» **EXERCISE INPUT**:
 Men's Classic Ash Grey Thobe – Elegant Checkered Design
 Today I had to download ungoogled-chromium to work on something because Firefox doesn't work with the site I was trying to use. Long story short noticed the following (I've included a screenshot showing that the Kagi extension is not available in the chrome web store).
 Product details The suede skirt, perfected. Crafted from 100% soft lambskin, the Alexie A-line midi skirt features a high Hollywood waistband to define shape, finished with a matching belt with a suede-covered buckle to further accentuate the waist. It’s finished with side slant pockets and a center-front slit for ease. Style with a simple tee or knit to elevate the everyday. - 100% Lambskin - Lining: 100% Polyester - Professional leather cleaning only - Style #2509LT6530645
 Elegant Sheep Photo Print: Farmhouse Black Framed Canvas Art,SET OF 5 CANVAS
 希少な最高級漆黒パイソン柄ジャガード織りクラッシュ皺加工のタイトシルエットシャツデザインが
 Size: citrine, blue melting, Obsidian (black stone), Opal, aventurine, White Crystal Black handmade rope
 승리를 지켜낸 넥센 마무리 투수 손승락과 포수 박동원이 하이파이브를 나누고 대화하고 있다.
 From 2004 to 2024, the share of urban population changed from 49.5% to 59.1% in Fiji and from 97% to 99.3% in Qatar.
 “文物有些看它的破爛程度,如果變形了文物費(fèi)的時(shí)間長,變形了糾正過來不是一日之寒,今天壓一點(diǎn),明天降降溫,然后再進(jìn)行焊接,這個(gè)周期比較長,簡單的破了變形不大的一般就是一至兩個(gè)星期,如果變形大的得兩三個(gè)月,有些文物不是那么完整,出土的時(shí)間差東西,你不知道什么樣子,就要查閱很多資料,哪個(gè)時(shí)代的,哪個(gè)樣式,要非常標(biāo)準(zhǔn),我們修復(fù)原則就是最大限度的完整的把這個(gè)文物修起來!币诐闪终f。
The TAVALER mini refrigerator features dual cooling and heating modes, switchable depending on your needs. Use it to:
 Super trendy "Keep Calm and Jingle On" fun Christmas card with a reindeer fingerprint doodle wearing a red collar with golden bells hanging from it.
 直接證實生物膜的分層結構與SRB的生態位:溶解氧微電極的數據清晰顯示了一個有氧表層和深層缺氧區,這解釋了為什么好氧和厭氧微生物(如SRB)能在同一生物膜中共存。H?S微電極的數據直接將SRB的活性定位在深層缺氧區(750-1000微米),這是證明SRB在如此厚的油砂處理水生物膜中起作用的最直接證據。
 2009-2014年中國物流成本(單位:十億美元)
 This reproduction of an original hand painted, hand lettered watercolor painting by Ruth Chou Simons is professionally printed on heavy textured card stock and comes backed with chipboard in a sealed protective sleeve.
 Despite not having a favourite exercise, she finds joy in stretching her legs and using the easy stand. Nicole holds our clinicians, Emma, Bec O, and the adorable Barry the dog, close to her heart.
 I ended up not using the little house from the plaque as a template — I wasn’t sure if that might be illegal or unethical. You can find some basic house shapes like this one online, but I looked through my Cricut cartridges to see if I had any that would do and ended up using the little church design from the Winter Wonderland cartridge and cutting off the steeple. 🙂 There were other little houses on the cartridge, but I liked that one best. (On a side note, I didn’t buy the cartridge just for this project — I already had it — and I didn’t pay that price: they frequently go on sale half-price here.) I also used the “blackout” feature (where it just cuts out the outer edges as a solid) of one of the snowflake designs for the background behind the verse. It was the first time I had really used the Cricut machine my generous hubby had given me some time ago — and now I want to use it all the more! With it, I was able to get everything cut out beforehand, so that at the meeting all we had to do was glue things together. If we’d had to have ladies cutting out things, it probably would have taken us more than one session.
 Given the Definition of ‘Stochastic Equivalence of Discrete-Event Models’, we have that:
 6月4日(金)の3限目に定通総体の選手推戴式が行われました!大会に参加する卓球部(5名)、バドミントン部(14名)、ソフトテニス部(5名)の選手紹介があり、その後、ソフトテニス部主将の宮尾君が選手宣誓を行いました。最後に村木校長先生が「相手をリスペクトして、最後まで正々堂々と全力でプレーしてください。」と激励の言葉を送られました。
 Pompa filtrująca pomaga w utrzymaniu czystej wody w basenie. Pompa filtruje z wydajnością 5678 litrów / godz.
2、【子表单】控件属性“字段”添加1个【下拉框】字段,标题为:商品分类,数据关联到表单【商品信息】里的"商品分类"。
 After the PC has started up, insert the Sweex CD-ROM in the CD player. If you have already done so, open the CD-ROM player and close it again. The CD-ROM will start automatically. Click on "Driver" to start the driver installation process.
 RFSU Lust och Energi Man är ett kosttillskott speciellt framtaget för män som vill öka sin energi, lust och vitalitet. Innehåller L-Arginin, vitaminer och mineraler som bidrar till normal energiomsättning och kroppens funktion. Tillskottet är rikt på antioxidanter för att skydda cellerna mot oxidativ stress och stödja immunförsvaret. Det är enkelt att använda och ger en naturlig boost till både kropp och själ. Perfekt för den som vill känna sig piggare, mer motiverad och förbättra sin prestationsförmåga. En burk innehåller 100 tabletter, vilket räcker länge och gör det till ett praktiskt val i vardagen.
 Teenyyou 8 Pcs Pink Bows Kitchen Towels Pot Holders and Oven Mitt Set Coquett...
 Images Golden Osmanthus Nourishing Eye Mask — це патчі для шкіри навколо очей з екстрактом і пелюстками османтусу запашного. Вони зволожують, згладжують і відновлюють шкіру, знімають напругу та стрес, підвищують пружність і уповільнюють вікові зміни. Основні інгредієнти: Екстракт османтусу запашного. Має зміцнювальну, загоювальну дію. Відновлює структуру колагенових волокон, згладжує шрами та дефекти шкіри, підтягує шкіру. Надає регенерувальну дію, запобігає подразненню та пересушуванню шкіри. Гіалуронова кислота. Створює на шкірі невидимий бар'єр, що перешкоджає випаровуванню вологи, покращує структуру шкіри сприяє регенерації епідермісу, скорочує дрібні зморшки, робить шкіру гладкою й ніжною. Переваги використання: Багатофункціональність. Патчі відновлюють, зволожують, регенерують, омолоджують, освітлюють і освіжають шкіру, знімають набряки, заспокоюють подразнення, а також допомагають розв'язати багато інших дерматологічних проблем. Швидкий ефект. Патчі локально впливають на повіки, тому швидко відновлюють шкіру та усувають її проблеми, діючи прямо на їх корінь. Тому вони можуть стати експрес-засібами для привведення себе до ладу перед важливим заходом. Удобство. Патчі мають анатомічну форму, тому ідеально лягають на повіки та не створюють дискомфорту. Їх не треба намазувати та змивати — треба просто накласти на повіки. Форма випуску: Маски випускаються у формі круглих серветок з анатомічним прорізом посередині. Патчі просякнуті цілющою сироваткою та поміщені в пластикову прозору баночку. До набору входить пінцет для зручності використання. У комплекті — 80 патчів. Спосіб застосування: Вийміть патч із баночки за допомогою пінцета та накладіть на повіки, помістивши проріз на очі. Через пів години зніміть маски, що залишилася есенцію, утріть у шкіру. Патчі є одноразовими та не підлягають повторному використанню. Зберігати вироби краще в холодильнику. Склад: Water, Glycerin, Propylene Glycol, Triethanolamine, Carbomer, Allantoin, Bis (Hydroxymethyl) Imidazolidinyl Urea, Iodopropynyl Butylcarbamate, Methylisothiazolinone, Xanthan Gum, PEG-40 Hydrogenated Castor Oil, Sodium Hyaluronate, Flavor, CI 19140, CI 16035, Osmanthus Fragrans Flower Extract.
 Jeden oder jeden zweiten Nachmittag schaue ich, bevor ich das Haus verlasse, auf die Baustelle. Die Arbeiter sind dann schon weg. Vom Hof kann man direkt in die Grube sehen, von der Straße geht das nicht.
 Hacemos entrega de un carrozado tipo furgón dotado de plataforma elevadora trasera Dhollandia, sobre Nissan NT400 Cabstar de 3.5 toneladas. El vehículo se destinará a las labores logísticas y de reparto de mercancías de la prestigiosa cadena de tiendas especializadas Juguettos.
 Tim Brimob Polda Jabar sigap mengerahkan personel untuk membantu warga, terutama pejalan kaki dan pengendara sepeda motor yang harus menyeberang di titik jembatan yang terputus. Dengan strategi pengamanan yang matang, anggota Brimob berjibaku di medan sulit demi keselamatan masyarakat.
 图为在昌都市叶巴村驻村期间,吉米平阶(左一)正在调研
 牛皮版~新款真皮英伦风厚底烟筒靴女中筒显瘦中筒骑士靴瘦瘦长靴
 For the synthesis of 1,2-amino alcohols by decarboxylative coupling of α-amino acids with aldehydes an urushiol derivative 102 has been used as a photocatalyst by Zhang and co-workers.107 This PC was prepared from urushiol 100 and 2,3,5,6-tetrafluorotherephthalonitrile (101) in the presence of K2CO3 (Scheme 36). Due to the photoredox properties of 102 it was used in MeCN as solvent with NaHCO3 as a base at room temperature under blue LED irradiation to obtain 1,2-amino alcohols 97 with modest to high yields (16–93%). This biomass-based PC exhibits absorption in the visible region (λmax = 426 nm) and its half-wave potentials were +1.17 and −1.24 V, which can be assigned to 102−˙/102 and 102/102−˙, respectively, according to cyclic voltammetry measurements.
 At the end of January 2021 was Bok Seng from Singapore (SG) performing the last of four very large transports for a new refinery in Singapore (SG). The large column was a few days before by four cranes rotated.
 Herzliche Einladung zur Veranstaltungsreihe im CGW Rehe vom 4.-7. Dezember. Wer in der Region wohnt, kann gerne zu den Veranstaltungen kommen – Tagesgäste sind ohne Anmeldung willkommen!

» **INSTRUCTIONS FOR THE TASK**:
Once you reach the line containing "hanging from it.", include it and stop; until then, reproduce each line of the listing from its start exactly.

» **THE COMPLETED TASK**:
 Men's Classic Ash Grey Thobe – Elegant Checkered Design
 Today I had to download ungoogled-chromium to work on something because Firefox doesn't work with the site I was trying to use. Long story short noticed the following (I've included a screenshot showing that the Kagi extension is not available in the chrome web store).
 Product details The suede skirt, perfected. Crafted from 100% soft lambskin, the Alexie A-line midi skirt features a high Hollywood waistband to define shape, finished with a matching belt with a suede-covered buckle to further accentuate the waist. It’s finished with side slant pockets and a center-front slit for ease. Style with a simple tee or knit to elevate the everyday. - 100% Lambskin - Lining: 100% Polyester - Professional leather cleaning only - Style #2509LT6530645
 Elegant Sheep Photo Print: Farmhouse Black Framed Canvas Art,SET OF 5 CANVAS
 希少な最高級漆黒パイソン柄ジャガード織りクラッシュ皺加工のタイトシルエットシャツデザインが
 Size: citrine, blue melting, Obsidian (black stone), Opal, aventurine, White Crystal Black handmade rope
 승리를 지켜낸 넥센 마무리 투수 손승락과 포수 박동원이 하이파이브를 나누고 대화하고 있다.
 From 2004 to 2024, the share of urban population changed from 49.5% to 59.1% in Fiji and from 97% to 99.3% in Qatar.
 “文物有些看它的破爛程度,如果變形了文物費(fèi)的時(shí)間長,變形了糾正過來不是一日之寒,今天壓一點(diǎn),明天降降溫,然后再進(jìn)行焊接,這個(gè)周期比較長,簡單的破了變形不大的一般就是一至兩個(gè)星期,如果變形大的得兩三個(gè)月,有些文物不是那么完整,出土的時(shí)間差東西,你不知道什么樣子,就要查閱很多資料,哪個(gè)時(shí)代的,哪個(gè)樣式,要非常標(biāo)準(zhǔn),我們修復(fù)原則就是最大限度的完整的把這個(gè)文物修起來!币诐闪终f。
The TAVALER mini refrigerator features dual cooling and heating modes, switchable depending on your needs. Use it to:
 Super trendy "Keep Calm and Jingle On" fun Christmas card with a reindeer fingerprint doodle wearing a red collar with golden bells hanging from it.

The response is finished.